----- THE DATA -----
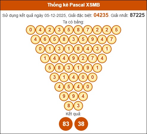 Bình luận kết quả xổ số Miền Bắc 06/12/2025 dựa vào tam giác Pascale (được tính theo giải GĐB và giải Nhất ngày hôm trước):
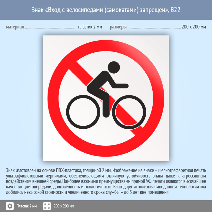 Знак «Вход с велосипедами (самокатами) запрещен», B22 (пластик, 200х200 мм) в Череповце купить
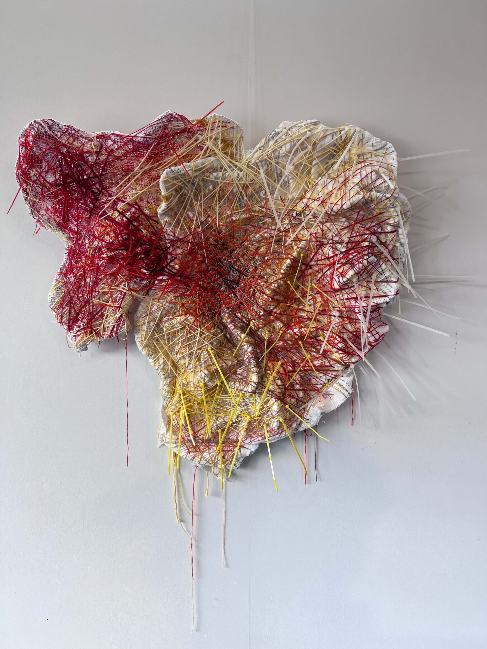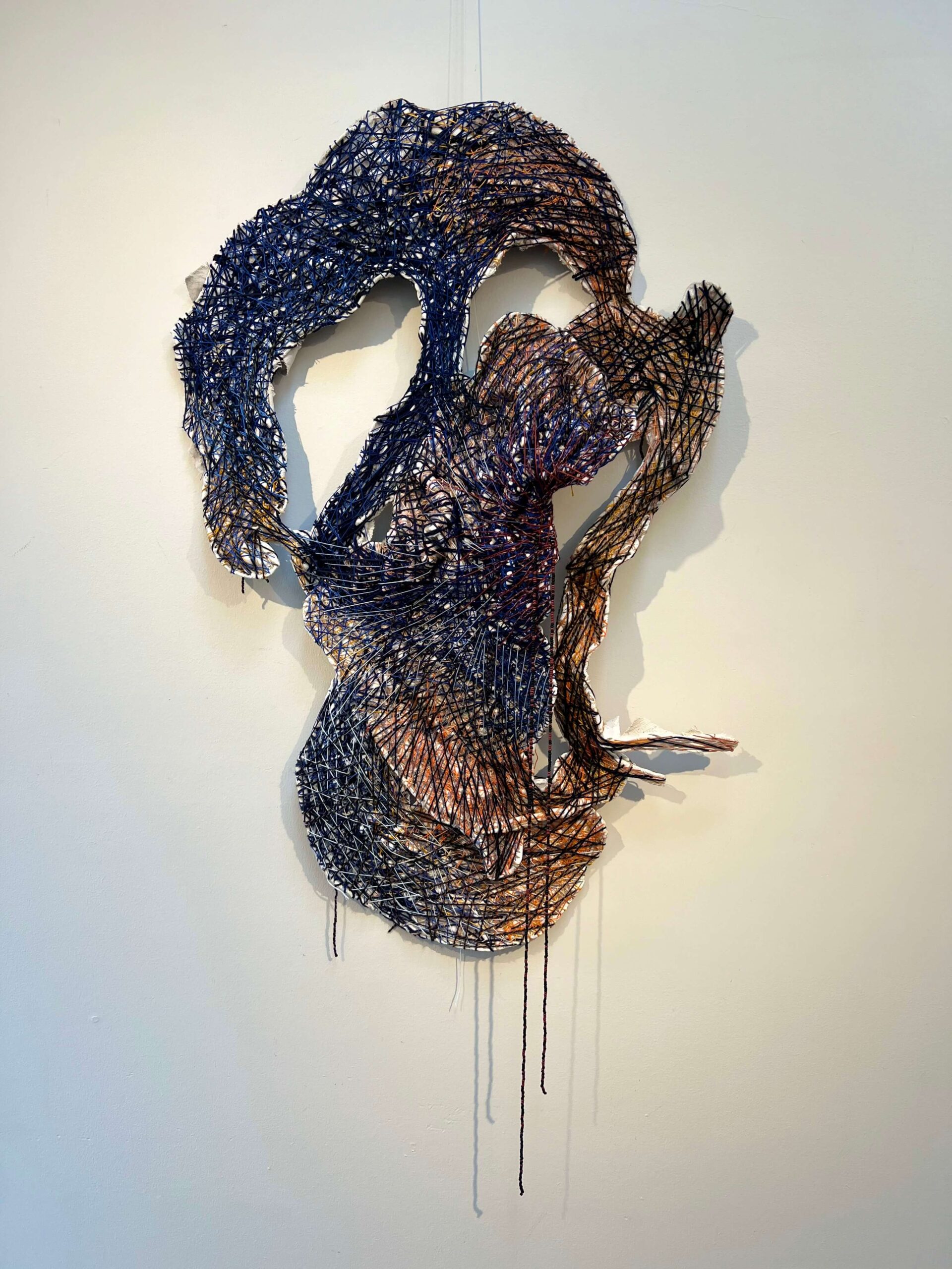 Plaster, cotton and silk embroidery fiber, yarn, waxed cord, zip ties, repurposed textiles, steel wire frame. 46X32X1.5 inches
-----
The answer should match the data above word for word, with no pictures in it.

• _FINAL ANSWER_:
 Bình luận kết quả xổ số Miền Bắc 06/12/2025 dựa vào tam giác Pascale (được tính theo giải GĐB và giải Nhất ngày hôm trước):
 Знак «Вход с велосипедами (самокатами) запрещен», B22 (пластик, 200х200 мм) в Череповце купить
 Plaster, cotton and silk embroidery fiber, yarn, waxed cord, zip ties, repurposed textiles, steel wire frame. 46X32X1.5 inches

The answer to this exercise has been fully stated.